Knowledge or awareness of one’s objective health is an important part of self-rated health. An intriguing, yet poorly understood finding remains that poor self-rated physical health has an additive effect on objective indicators of poor health in predicting mortality. Self-rated health can be used as part of an older individual's health evaluation when screening for future adverse outcomes, particularly in men, and also as an important indicator of healthy aging. Overall, the majority report good subjective health. Self-rated physical health is best in the youngest and self-rated mental health is best in the oldest group. The number of chronic physical diseases is positively associated with age. However, age-related increases of chronic physical diseases are not reflected in poorer self-rated physical health in the elderly. Thus, additional factors, e.g. their more favourable mental health may play a protective role, whereas higher functional impairments may adversely affect self-rated physical health. Poor vs. good self-rated physical, but not mental health predicts mortality, even when adjusting for sociodemographic characteristics, chronic physical diseases objective health, health behaviour and socioeconomic status, with larger effect in men compared to women.

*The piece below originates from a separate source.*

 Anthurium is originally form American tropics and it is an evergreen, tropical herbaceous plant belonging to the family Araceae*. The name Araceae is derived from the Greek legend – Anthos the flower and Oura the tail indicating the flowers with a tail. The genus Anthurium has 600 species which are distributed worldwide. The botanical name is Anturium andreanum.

We assessed self-rated physical and mental health at baseline. However, self-rated health may have changed throughout the long-term follow-up. Chronic physical diseases were also assessed based on self-report and objective findings at baseline. Thus, we cannot preclude that a certain proportion of participants were unaware of their chronic physical diseases. While we included major chronic physical diseases, our list also was not comprehensive. Participants may have taken into account additional chronic physical diseases, and they may also have considered functional status, bodily complaints, and sensations which may indicate somatic dysfunction (e.g. fatigue and inflammatory processes; Jylhä4). While we adjusted for BMI, major chronic physical diseases, smoking, and SES, other health behaviour variables such as alcohol consumption and physical activity were not included due to missing data. Based on cross-sectional data, we cannot resolve the question, how self-rated physical and mental health evolve over the life span. However, their trajectories differ between the age groups. Consistent with Jokela et al.30, self-rated physical health was best in the youngest group, whereas self-rated mental health was best in the oldest group. Due to the use of cross-sectional data of self-rated health, we were not able to account for potential cohort effects. The focus of this paper was on mortality, and we did not test the hypothesis that poor self-rated mental health may be predictive of subsequent depression31.We used all-cause mortality as outcome, therefore we cannot assume any prediction on cause-specific mortality. Further studies should integrate cause-specific mortality data into the analysis to aim at a better understanding of underlying mechanisms.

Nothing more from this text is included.